Tuesday, September 10, 2013

What Is The Benefit Of ‘Sneaking’ Into The AFL Finals?

AFL media and fans make a big deal out of just ‘sneaking’ into the final eight, and out of just missing out on the final eight as well. In terms of a team’s chances of winning the premiership, just making the final eight has, empirically, next to no benefit – no team has won the premiership from eighth spot since the final eight began in 1994, nor from seventh, nor from sixth. A final for eighth does bring extra revenue of course, though historically only one or two weeks’ worth.

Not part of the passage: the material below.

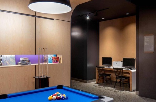 This welcoming hotel in San Jose offers a cozy bedroom with a comfortable queen bed. Guests can enjoy amenities like heating, AC, WiFi, and access to a fitness room. The bathroom is equipped with a hair dryer for added convenience. This awesome property is the perfect spot for a relaxing stay in the city. We look forward to hosting you at our place.

However, some might think there are the lasting benefits of having played a finals match in terms of helping the team win games in subsequent seasons. As a data-based football fan, and not a narrative-based one, my prior belief is that this is a load of baloney, but what do the numbers actually say? Below are the winning percentages of the teams that finished eighth and ninth in every season since 1994 over each of the next three home and away seasons (click to enlarge).

Not that surprisingly, the average home and away winning percentages for teams that finish eighth and ninth over each of the next three seasons are pretty close to 50 per cent. Some teams in the middle of the ladder go up in subsequent seasons, some go down. For example, Brisbane finished eighth in 1997 and finished last the next season, while Essendon finished eighth in 1998 and won the minor premiership the next season. It also won the premiership the year after – the only team since 1994 to finish eighth or ninth to have done so within the next three years.

(Strangely, while every AFL fan is familiar with Richmond having finished ninth several times – six in total – no one really remembers that Essendon has finished eighth almost as many times – five in total – over the same period. More evidence that humans might be psychologically wired to remember losses suffered rather than benefits gained.)

Looking at the averages, eighth placed teams have done a little better on average than ninth placed teams in each of the next three years. But the differences in average winning percentages are not significant.

In comparison, and not surprisingly, the difference in average winning percentages in the next season of teams that finish first and last is significant – that is, teams that are really good one season are typically really good in the next season (though usually not quite as good), and teams that are really bad one season are typically really bad in the next season (though usually not quite as bad). The difference is significant after two seasons as well, but the teams are, on average, getting closer. By three seasons out, the averages are getting towards 50 per cent for these teams as well.

Therefore, the main benefit of ‘sneaking’ into the finals seems to be the extra revenue from playing one or two finals matches, and perhaps the psychological joy from being counted amongst the finals teams (though that is soon followed by the disappointment of being ousted). Or perhaps more correctly - given the way that humans might be wired - perhaps a main benefit of sneaking into the finals is avoiding the psychological anguish of just missing out.